Ceux-ci ne sont pourtant pas les « voyous arrogants » que le patron discerne en eux, qui prôneraient une « licence des mœurs » les entraînant sur « la voie de la pédérastie et de la drogue ». André, en particulier, fils modèle d’une famille vivant en milieu rural, au service d’un comte, amoureux d’une jeune fille sage, Léone (Roseline Villaumé), passe ses heures perdues à peindre. Sa révolte encore juvénile, mais que le cinéaste a d’évidence en sympathie, tient dans le refus de se projeter dans une vie déjà normée, celle de patron qui exploite et humilie ses employés – « tant qu’on vous paye, faites ce qu’on vous dit ». Ou, pire, celle de contremaître aux ordres, qui à l’occasion abuse des femmes travaillant à la fabrique, comme André le découvre fortuitement. Si l’argumentaire du patron semble un peu daté pour un spectateur d’aujourd’hui, il indique à quel point les cheveux longs cristallisent de nombreux fantasmes. Le cinéaste a d’ailleurs joué à plein la dimension emblématique que revêt la chevelure d’André. Ses beaux cheveux blonds symbolisent autant l’esprit de résistance des jeunes que le pouvoir arbitraire et la violence du patron. Une certaine dignité aussi, que « la coupe à 10 francs » chez le peu sympathique M. Jean viendrait annihiler – il n’est qu’à voir ce que la bande de copains pense de l’un des leurs qui, à la première injonction patronale, s’est précipité chez le coiffeur.

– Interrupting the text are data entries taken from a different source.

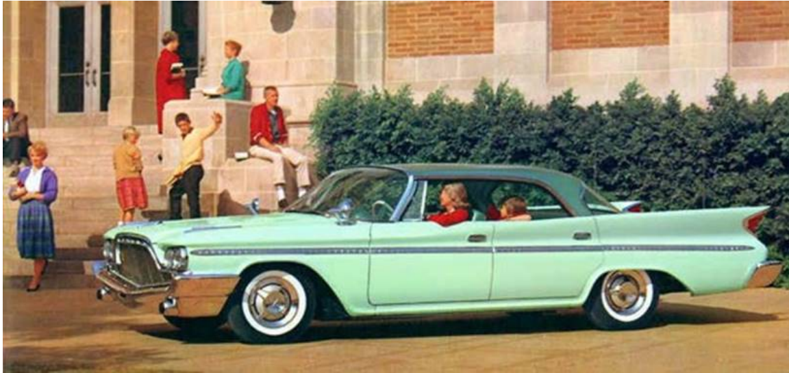
1960 De Soto Fireflite
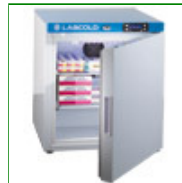
Labcold IntelliCold™ RLDF0110 - 36 Litre Pharmacy Fridge with Solid Door
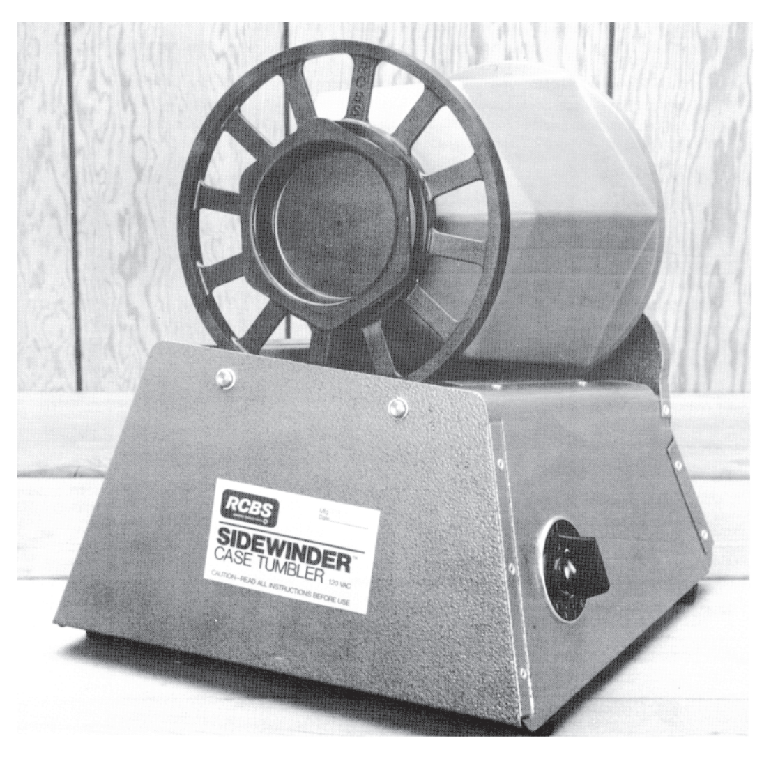
Safety and Operating Instructions

À travers cette caractéristique physique – une coiffure –, on ne peut plus visuelle, et le bras de fer engagé à son sujet entre les jeunes et la direction de la fabrique, le film aborde ainsi une somme d’enjeux politiques et sociaux. On note en particulier que le cinéaste n’est pas tendre quant à l’aide qu’André et ses copains pourraient recevoir face à un « ordre » qui n’a rien de légal. Car ceux-ci sont finalement laissés à eux-mêmes, notamment par le délégué syndical, fort en gueule, moins en actes. Toutefois, on aurait tort de s’imaginer un film sec et théorique, concentré sur un message à délivrer, quand on est au contraire frappé par la beauté formelle de nombre de ses plans. Philippe Condroyer, dont c’était là le quatrième long métrage (il n’en réalisera pas d’autre), y laisse aussi passer le souffle de la vie. Grâce à ses comédiens principaux, en particulier Didier Sauvegrain, très convaincant. Grâce aussi à une mise en scène qui n’est jamais appuyée, où, par exemple, les amours d’André et de Léone sont traités avec la même importance – la gravité se mêlant à l’excitation – que les scènes de confrontation dans l’usine. Si le cinéaste s’est inspiré d’un fait divers pour écrire son film, il s’est avant tout attaché à donner une image juste, sans caricature, de jeunes (pas encore majeurs à l’époque) dont l’anticonformisme relève d’une simple aspiration à vivre libre. Il n’a pas non plus éludé combien le monde social pouvait se révéler cruel quand il s’agit de maintenir les hiérarchies établies.